全国保証について解説します。このブログでは、全国保証の概要、ビジネスモデル、業績、営業利益率、財務、そして株価についてお話しします。最終的な結論としては、この銘柄は様子見といった内容になります。
まずは全国保証についてあまり知らない方のために、事業内容から説明いたします。全国保証が行っているのは信用保証業務であり、ローンを組む人から手数料をもらって連帯保証を引き受ける事業です。連帯保証とは、住宅ローンを借りた人が返せなくなった時に肩代わりをすることです。
目次全国保証の概要
まずは全国保証についてあまり知らない方のために、事業内容から説明いたします。全国保証が行っているのは信用保証業務であり、ローンを組む人から手数料をもらって連帯保証を引き受ける事業です。連帯保証とは、住宅ローンを借りた人が返せなくなった時に肩代わりをすることです。ドラマなどでよく見かけるシーンですが、実際の業務としては非常に大事な役割を果たしています。こういった保証会社が選ばれる理由は大きく分けて3つあります。
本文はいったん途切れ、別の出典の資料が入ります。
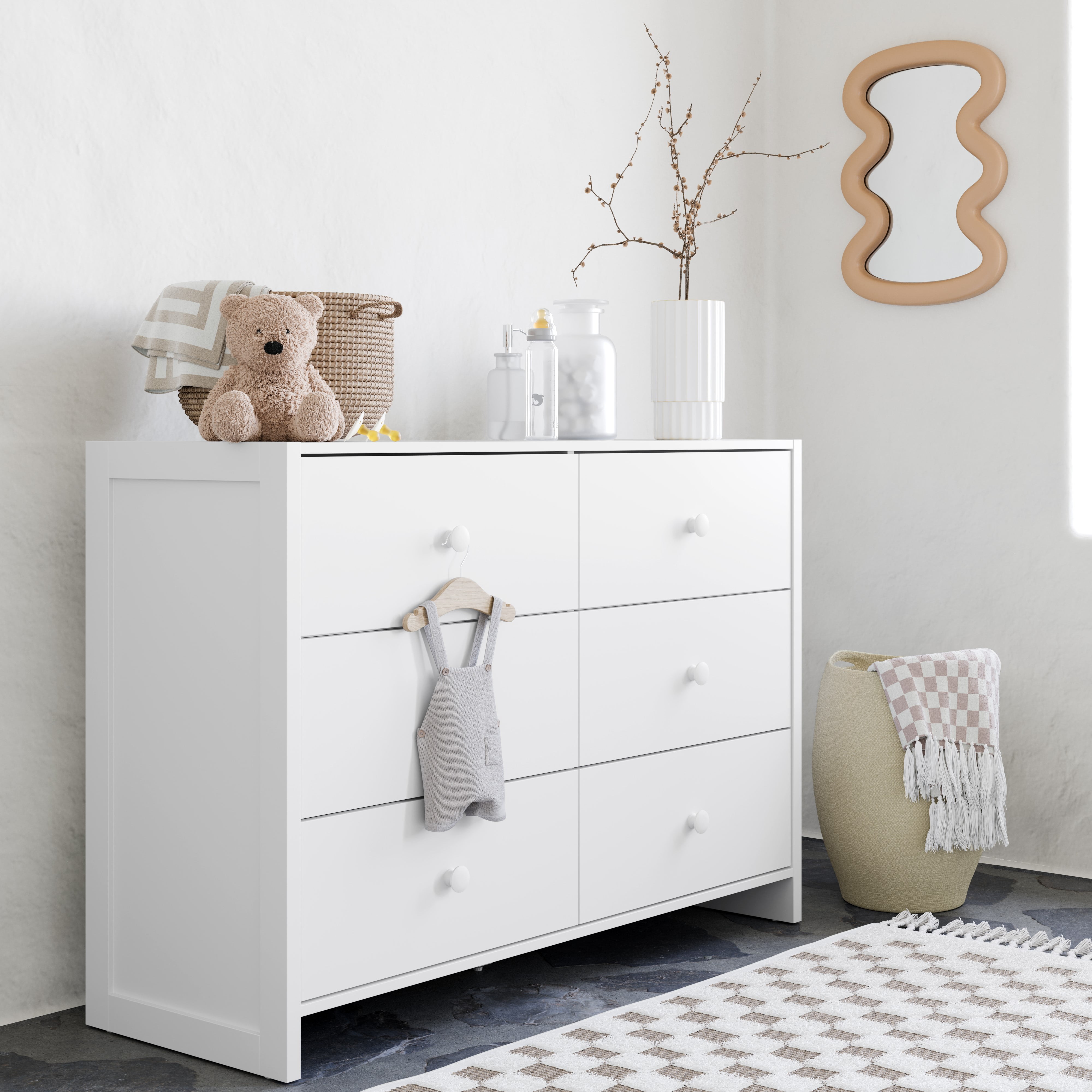 Introducing the Calabasas 6 Drawer Dresser, where versatile design meets California style, all at an unbeatable value. This dresser embodies the perfect blend of chic aesthetics and abundant storage, boasting solid side panels and a modern-minimalist allure that effortlessly complements any nursery or kids’ room. Featuring six spacious drawers, the Calabasas Dresser offers ample storage space to keep your child’s essentials neatly organized while maintaining a sleek and uncluttered look. Whether it’s a cozy nursery, a vibrant children’s bedroom, a welcoming guest room, or even a lively playroom, the Storkcraft Calabasas Dresser is a versatile must-have that promises to elevate any home setting with its understated elegance. Engineered with utmost attention to safety, the Calabasas 6 Drawer Dresser surpasses stringent standards set by the Consumer Products Safety Commission (CPSC) and the American Society for Testing and Materials (ASTM). Our top priority is your child’s safety, reflected in our advanced interlocking drawer system and reliable tip-over restraint kit, designed to significantly reduce the risk of furniture tip-over incidents. Featuring pre-installed Euro drawer glides, assembly is a breeze, ensuring that organizing your little one’s clothes and essentials becomes a hassle-free experience. With its timeless design and practical functionality, the Calabasas Dresser becomes a cherished addition to any family’s home, seamlessly adapting to the evolving storage needs of your growing child. Complete your Storkcraft Calabasas collection with the Storkcraft Calabasas 3-in-1 Convertible Criband Storkcraft Calabasas Swivel Glider for a cohesive and stylish nursery or kids’ room ensemble.

1つ目は、保証人を友人などの個人に頼まなくていいということです。連帯保証人になることには心理的な負担があり、人に頼みにくいものです。例えば、友人に連帯保証人を頼むのは気が引けるでしょう。しかし、全国保証にお願いすれば、誰とも気まずい関係になることなくローンを組むことができます。
2つ目は、金融機関からの信用が上がるため、契約がスムーズに進行する点です。金融機関からすると、連帯保証人が謎に包まれた友人よりも、保証会社の方が確実に返済してくれるという安心感があります。そのため、ローン契約は特に制限なくスムーズに行うことができます。
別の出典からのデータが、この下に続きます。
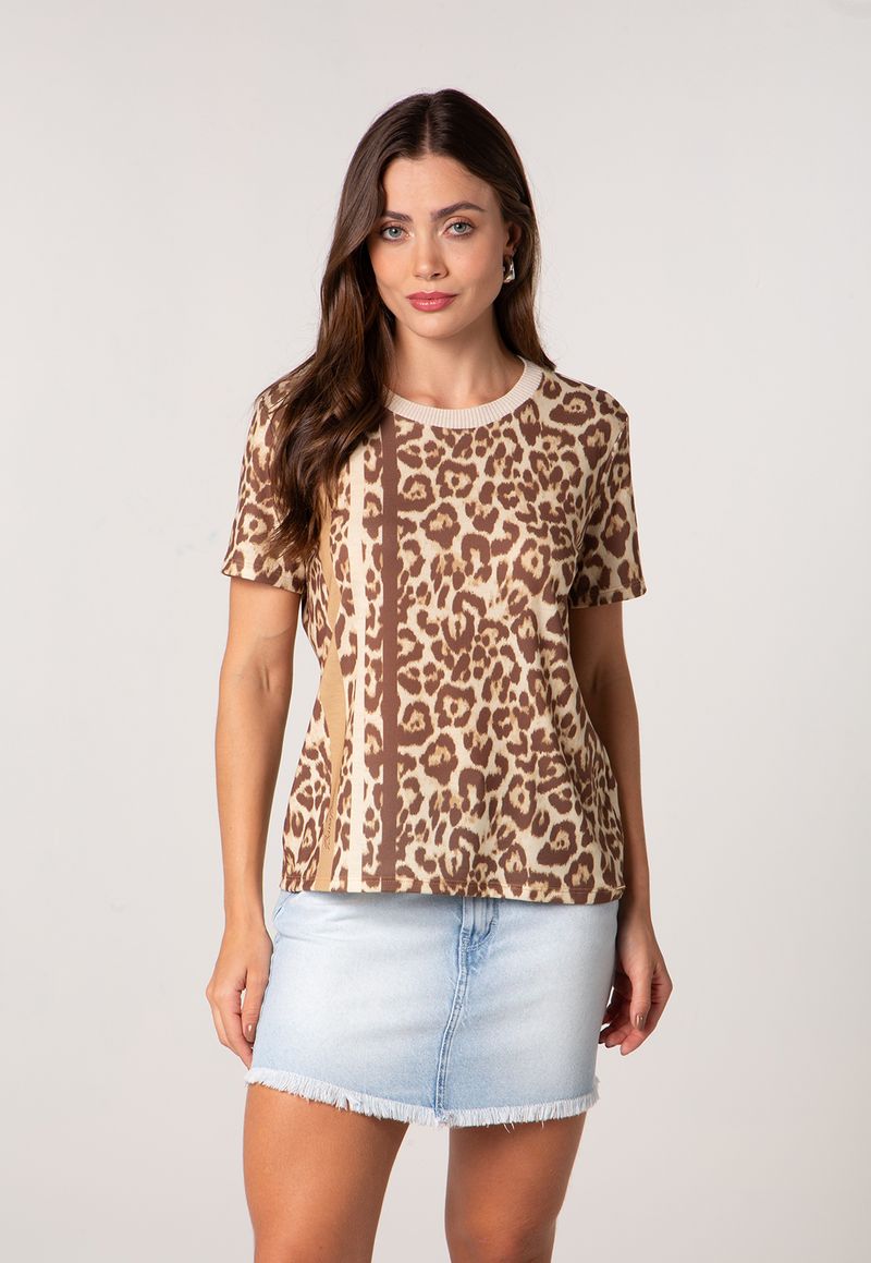Confeccionada em malha suave com leve elasticidade, essa t-shirt une conforto e estilo em uma proposta descomplicada. A estampa em tons terrosos adiciona um ponto de interesse ao visual, enquanto a modelagem reta com mangas curtas oferece um caimento leve e versátil para diferentes ocasiões.

3つ目は、代位弁済という仕組みです。自分が返済できなくなった場合でも、この保証会社が一旦全額金融機関に返済してくれます。返済先が金融機関から保証会社に移りますが、金額は大きくなります。
ビジネスモデルについて
全国保証のビジネスモデルの特徴として、景気敏感であること、ストックビジネスであること、そして利益率が非常に高いことが挙げられます。
1つ目の特徴である景気敏感については、不況時になると住宅ローンを組む人が減り、会社が倒産したりリストラされたりして返済できなくなる人が増えるため、保証会社の負担が大きくなります。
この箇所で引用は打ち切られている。